Osmanlı Hukukunda Kamulaştırmanın Şartları
Kamu Yararı İçin Gereklilik
Osmanlı hukukuna göre kamulaştırma yapılabilmesinin ilk şart, taşınmaza bir kamu hizmetinin görülmesi için ihtiyaç duyulmasıdır. Mecelle’nin 1216. maddesinde kullanılan “Ledel-hâce” ibaresi de “ihtiyaç görüldüğü zaman” anlamını taşımaktadır. 1876 Anayasası ise kamulaştırmanın, kamu yararının gerektirdiği zaman yapılabileceğini hüküm altına almıştır.
Burada karşımıza hangi kamu hizmetleri için kamulaştırma yapılabileceği sorunu çıkacaktır. Mecelle’nin 1216. maddesi sadece yolların genişletilmesi amacıyla kamulaştırma yapılmasından bahsetmektedir. Ancak 1216. maddede geçen “yola katılma” ibaresi sadece örnek vermek amacıyla kullanılmıştır (Hatemi, 1977: 216), bunun dışındaki amaçlarla da kamulaştırma yapılması mümkündür.

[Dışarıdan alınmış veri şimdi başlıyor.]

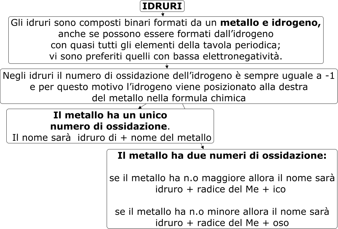 Questa Cmap, creata con IHMC CmapTools, contiene informazioni relative a: IDRURI, Negli idruri il numero di ossidazione dell’idrogeno è sempre uguale a -1 e per questo motivo l’idrogeno viene posizionato alla destra del metallo nella formula chimica ???? Il metallo ha due numeri di ossidazione: se il metallo ha n.o maggiore allora il nome sarà idruro + radice del Me + ico se il metallo ha n.o minore allora il nome sarà idruro + radice del Me + oso, IDRURI ???? Gli idruri sono composti binari formati da un metallo e idrogeno, anche se possono essere formati dall’idrogeno con quasi tutti gli elementi della tavola periodica; vi sono preferiti quelli con bassa elettronegatività., Negli idruri il numero di ossidazione dell’idrogeno è sempre uguale a -1 e per questo motivo l’idrogeno viene posizionato alla destra del metallo nella formula chimica ???? Il metallo ha un unico numero di ossidazione. Il nome sarà idruro di + nome del metallo, Gli idruri sono composti binari formati da un metallo e idrogeno, anche se possono essere formati dall’idrogeno con quasi tutti gli elementi della tavola periodica; vi sono preferiti quelli con bassa elettronegatività. ???? Negli idruri il numero di ossidazione dell’idrogeno è sempre uguale a -1 e per questo motivo l’idrogeno viene posizionato alla destra del metallo nella formula chimica
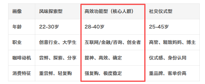 核心人群被锁定为「高效功能型(刚需效率者)」——这是一群生活在快节奏都市的“生活秩序掌控者”,咖啡是他们每天的“启动开关”。
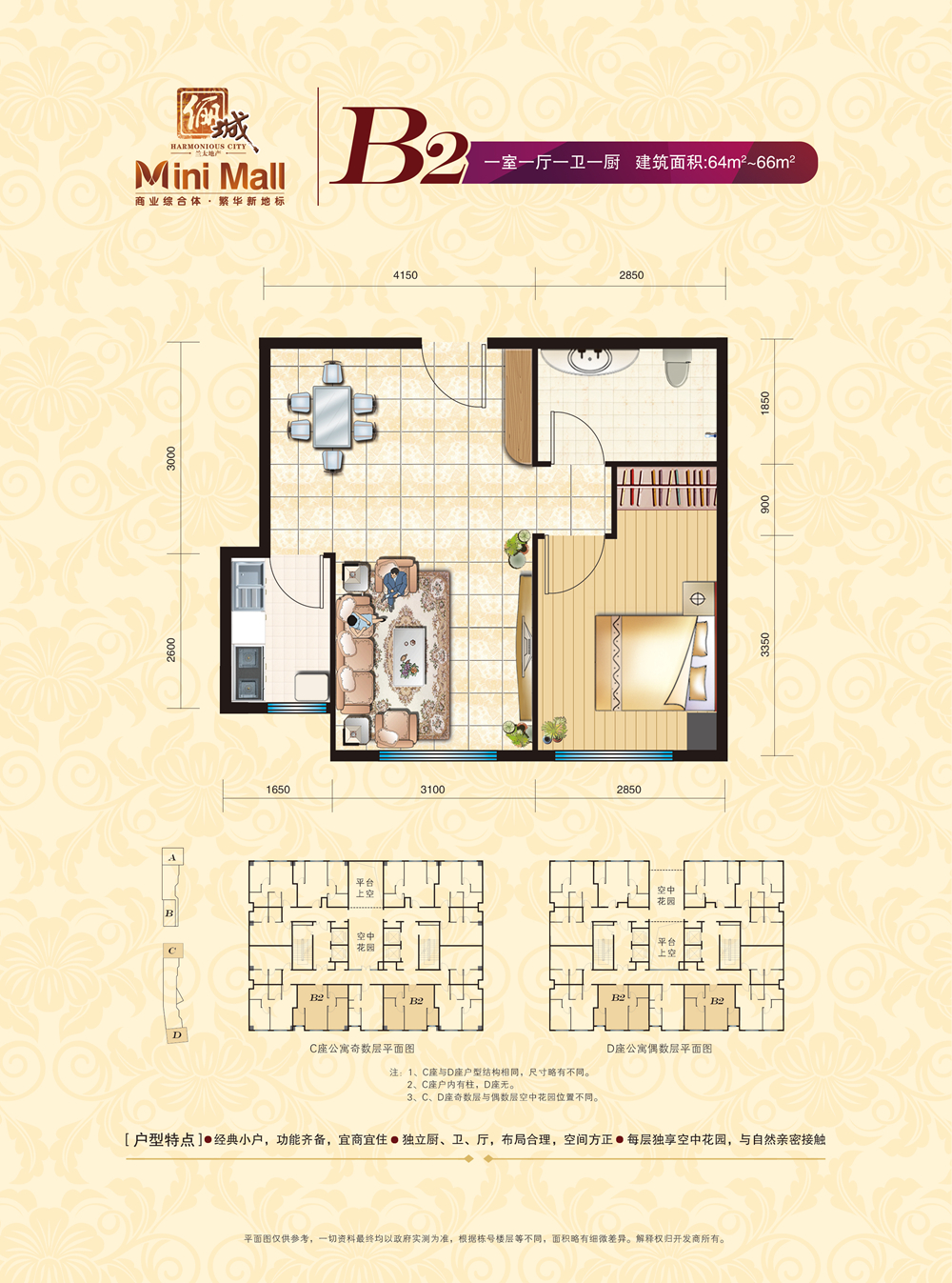 50万/套 建面66m²
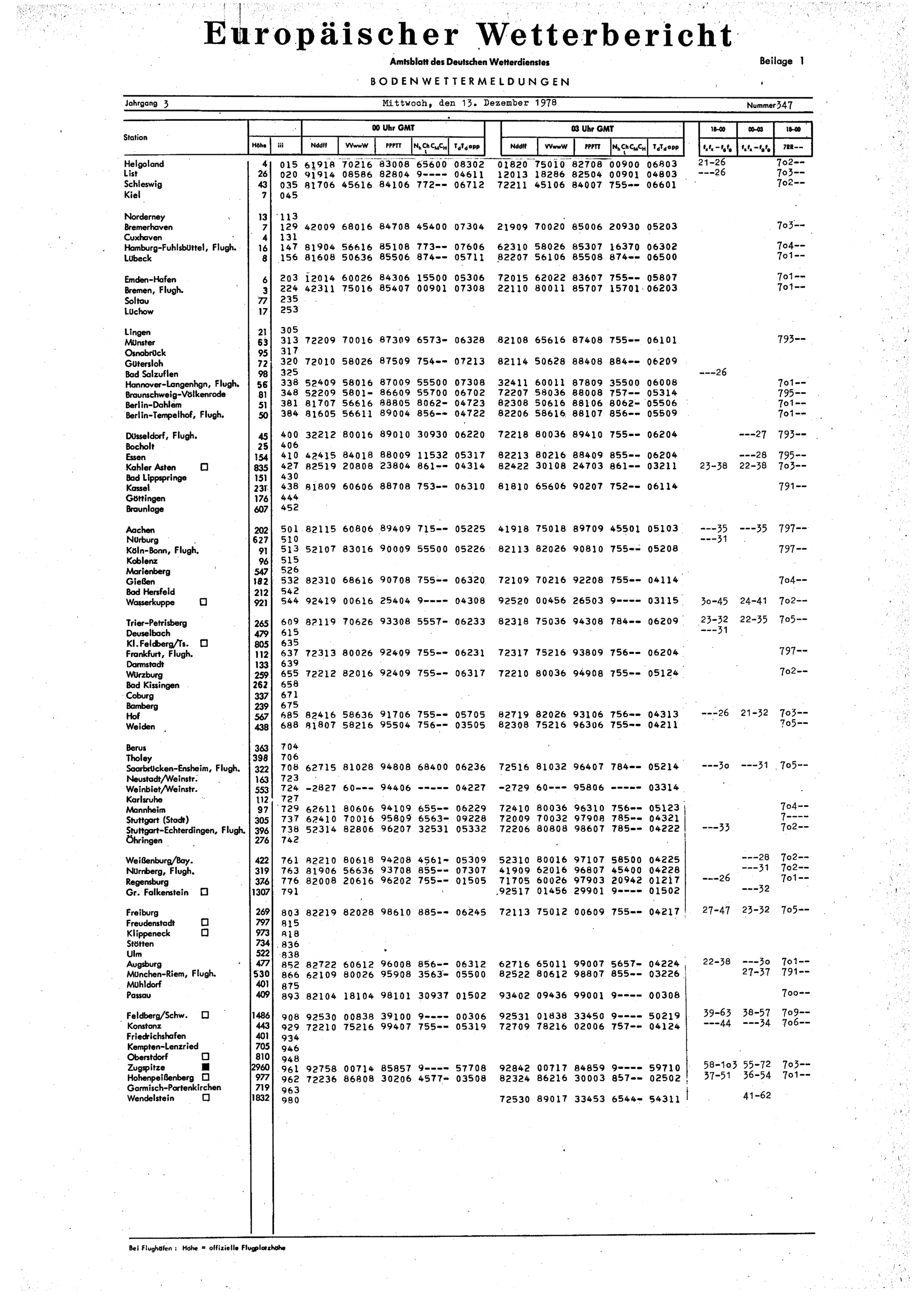 Europäischer Wetterbericht. Beilage 1, Bodenwettermeldungen. 1976-1994
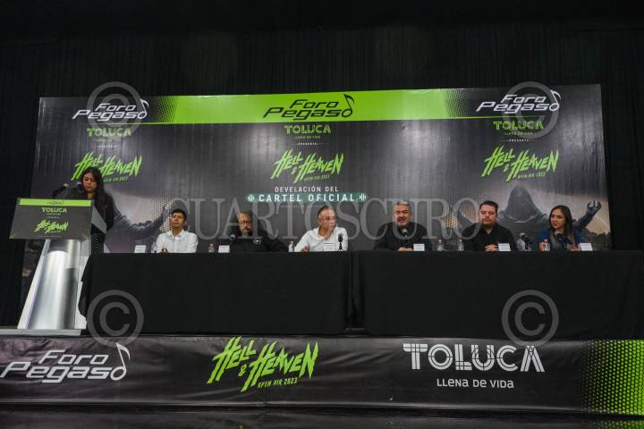 TOLUCA, ESTADO DE MÉXICO, 24AGOSTO2023.- Juan Carlos Guerrero organizador del Hell and Heaven, Luis Manuel García director general del Centro Dinámico Pegaso y Foro Pegaso, y el alcalde de Toluca Reymundo Martínez Carbajal presentaron el cartel del Hell and Heaven 2023 que tendrá como sede el Foro Pegaso, que se realizará el próximo 3, 4 y 5 de noviembre, contará con 5 escenarios, área de camping, zona de esparcimiento, comida, espectáculos y área de lucha libre, así como zona vikinga. Este año se contará con la presencia de bandas como Guns ‘N Roses, Muse, Slipknot, Helloween, Lacrimosa, y muchas bandas más. FOTO: CRISANTA ESPINOSA AGUILAR /CUARTOSCURO.COM
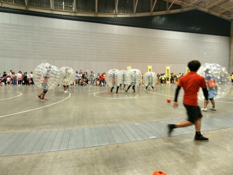 玉入れやバブルサッカー、綱引き、大玉転がしなど。

Nitekim maddeyi şerh eden Ali Haydar Efendi Dürer-ül Hükkâm isimli eserinde yol, cami, su yolu gibi amaçlarla da kamulaştırma yapılabileceğini ifade etmiştir (Hatemi, 1977: 216). Üstelik kamulaştırma ile ilgili diğer mevzuat kamulaştırma yapılmasını gerektirebilecek hizmetleri daha geniş bir şekilde saymıştır.
Örneğin 1855 tarihli Saltanat-ı Seniyyenin, Menafi-i Umumiyeye Dair Şeylerin Tanzimi Halinde Lüzumu Olup Kıymet-i Layikasıyla Sahiplerinden Mubayaa Edeceği Arazi ve Saire Hakkında 4 Recep 1272 (1855) tarihli Nizamname, “demiryol, cetvel ve emrar-ı enhar.. gibi” amaçlar için kamulaştırma yapılabileceğini hüküm altına almıştır. 1293 yılında çıkarılan Dersaadet Belediye Kanunu ve Vilâyet Kanunu ise “yolların düzenlenmesi ve diğer kamu hizmetleri için” kamulaştırma yapılmasına imkan tanımıştır.
Teşkilat-ı Esasiye Kanunu ise kamulaştırma amacını en geniş biçimde ifade etmiş ve “menafi-i umumiye” için kamulaştırma yapılabileceğini öngörmüştür. 1295 tarihli İstimlak Kararnamesi de Teşkilat-ı Esasiye Kanunu’na paralel olarak “menafi-i umumiye” için kamulaştırma yapılabileceğini hüküm altına almıştır. Bu hususları değerlendirdiğimizde şu sonuca varmak mümkündür: Osmanlı İmparatorluğu döneminde sadece yolların genişletilmesi amacıyla değil, kamu yararına olan tüm kamu hizmetleri için kamulaştırma yapılabilmesi mümkündür.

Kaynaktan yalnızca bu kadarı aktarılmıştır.